Stand:updated on 04.06.2025 | Topic Insider monitoring Insider surveillance
Making use of inside information is prohibited and constitutes a criminal offence. The Market Abuse Regulation (Regulation (EU) No 596/2014 – MAR), which covers financial instruments, and the Markets in Crypto-Assets Regulation (Regulation (EU) No 2023/1114 – MiCAR), which covers cryptoassets, contain rules designed to safeguard investors’ trust in functioning markets and to ensure a level playing field for investors.
Insiders are aware of circumstances relating to listed companies that are not in the public domain and that could significantly impact the share price – for example, because they have access to this inside information by virtue of their profession. Examples of inside information include the knowledge that a listed company is planning a corporate action, or that is it about to acquire a significant participation.
However, a criminal offence is committed by anyone who makes use of their inside knowledge for their own benefit or on behalf of others and, on the basis of this inside knowledge, buys or sells financial instruments, or modifies or cancels existing orders, regardless of how they came by the inside information. Passing on inside information to another person without authorisation is also prohibited, as is inducing someone to buy or sell securities on the basis of inside information, or recommending that they do so.
A similar ban in relation to cryptoassets has also been in place since 30 December 2024.

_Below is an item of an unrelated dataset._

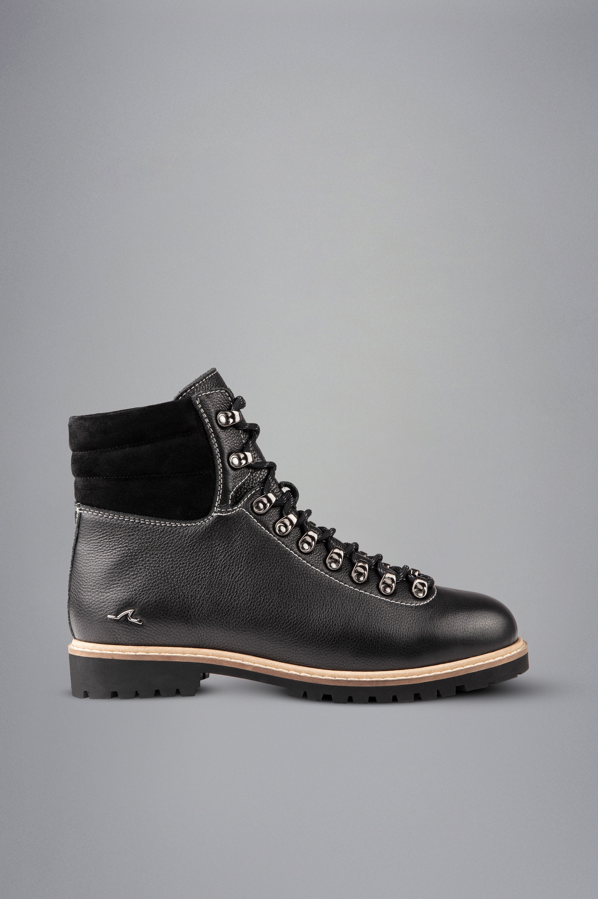 A sporty classic, reinterpreted with luxurious materials and enveloping proportions for maximum comfort from morning to night. This ankle boot fuses functional design with luxurious materials to add an exclusive touch to everyday leisure looks. Crafted from leather, it features a padded collar to support the movement of the foot and a chunky rubber lug sole for maximum grip. Hiking-style cross-over laces and loops complete the look with an edgy touch. DETAILS Lace-up leather ankle Boots Product ID: 14318001 COMPOSITION & CARE Upper: Genuine cow leather - Inserts: Genuine cow leather - Lining: Genuine cow leather - Outsole: 100% Rubber

Monitoring compliance with the prohibition on insider trading
BaFin investigates indications of insider trading. Two key pieces of legislation in this area are the German Securities Trading Act (Wertpapierhandelsgesetz – WpHG) and the German Cryptomarkets Supervision Act (Kryptomärkteaufsichtsgesetz – KMAG), which give BaFin wide-ranging powers such as the right to demand information from anyone.
Where a suspicion is corroborated, BaFin files a criminal complaint with the competent public prosecutor. Insider trading is punishable by imprisonment of up to five years or by the imposition of fines. If insider trading, unauthorised disclosure of inside information or an inducement/recommendation to buy or sell securities is committed recklessly rather than deliberately, BaFin is authorised to pursue the case itself as an administrative offence. In the case of cryptoasset transactions, it is enough for the offence to have been committed negligently.
Publication requirements such as ad hoc disclosure requirements and, in the case of financial instruments, the requirement to submit notices of managers’ transactions aim to prevent insider trading happening in the first place, since information that is in the public domain can no longer be used for insider trading.